In fact, supply chain issues generally have conspired to be a key contributing factor in the jump in inflation. But supply shortages aren’t necessarily inflationary, at least not beyond the short term. Indeed, higher prices are the catalyst that typically leads to greater supply, which suggests that many of the supply chain shortages will be short-lived.
Eric Winograd, senior economist at AllianceBernstein, makes this point, writing in a note to clients:
“The more persistent categories of inflation (services, and rent specifically) were relatively tame last month, but goods prices surged, as did transportation and travel. None of those moves are likely to be persistent. Over time, that means that the most likely course of events is still for inflation to settle down as the supply side of the economy catches up to the demand side.”

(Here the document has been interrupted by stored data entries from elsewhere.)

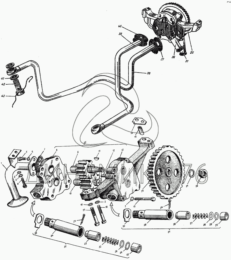 Перечень комплектующих от Насос масляный на А-01М, Д-461
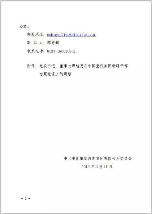 2月10日,中国重汽集团举行新聘干部专题党课暨2019年绩效合约签字仪式,山东重工集团党委书记、董事长,中国重汽集团党委书记、董事长谭旭光作专题党课,对新竞聘上任的64名各单位主要领导干部提出要坚定信仰、追求梦想、挑战自我、优胜劣汰的四项要求。讲话以中国重汽党字〔2019〕13号文件下发,要求全体员工认真学习、深刻领会,全力推进改革创新发展,为打造世界一流中国重汽品牌作出新的更大的贡献。
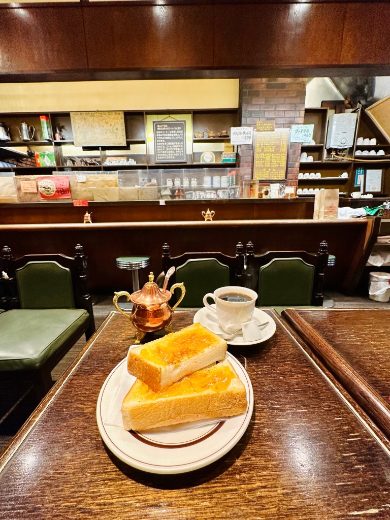 To sit down inside away from the cold wind the coffee was only 350 yen ($2.50). I asked if there was a morning service and was offered a slice of toast for 100 yen (75 cents). Was offered the option of margarine, strawberry jam, or orange marmalade. Love old school kissaten. Sit down with a book or a notebook. Classical music in the background. Enjoy a handmade cup of coffee and light breakfast for $3.25 and no tipping in Japan!

Perhaps the biggest risk is expectations. Even if the supply-demand gap lessens in the months ahead, there’s a danger that the mindset on inflation will change, unleashing a self-reinforcing pattern that drives prices higher. Such inflationary sentiment has been dormant in the US for much of the past four decades, but some analysts wonder if it could return.
“If everybody else is raising prices, it becomes a lot easier for you to do that, too,” notes Kristin Forbes, an MIT economist.
Adding to the inflation-is-coming narrative: a ramp-up in government stimulus and ongoing dovish monetary policy. The combination, runs the thinking, will break the disinflation-deflation trends of the past generation.
Nonetheless, one data point doesn’t tell us much, even if it’s easy to characterize the April results as a tipping point. The true smoking gun, if there is one, will take time to emerge. Exhibit A on that front will be a sharply higher pace in core CPI on a year-over-year basis that holds on to the jump.
For the moment, the latest pop still looks like one more transitory run-up. Note that there have been several spikes over the years, and every one so far has turned out to be fleeting, as the annual core CPI chart above indicates.
The argument for thinking that a run-up in inflation is one more passing phase includes the failed efforts by policymakers to raise pricing pressure over the past ten years. Despite continued efforts at ever-greater unprecedented monetary stimulus programs, inflation has remained muted.
Perhaps the question to ask: What would inflation be if the Federal Reserve shifted from dovish to neutral or even hawkish tomorrow?
The cold, hard facts tell us that structural forces in the global economy have put downward pressure on inflation for 40 years. Have these forces receded to the point that allows pricing pressure to sustainably surge? Maybe, but that’s not evident in the April CPI data.
Jeff Snider at Alhambra Investments asks the essential question: “The economy right now is improving, even rebounding as more reopening gets done, but with such a long way still to go and having squandered so much time just to get this far once the latest sugar high wears off, what will the CPI look like this summer?”
We may be on the cusp of a new inflationary regime, but the secular forces of the past 40 years (still) suggest otherwise. That leaves us with just one task: monitor the incoming data in the months ahead to decide which way the wind is blowing and whether it’s shifted. Meantime, as a baseline forecast, the disinflation/deflation still resonates – until or if the reports ahead tell us otherwise.
“Add it all up, and I would say that it will be at least six months for the Fed to get a sense of whether inflation pressures are transitory and more likely 12 months to make a firm conclusion in that respect,” advises Brett Ryan, an economist at Deutsche Bank.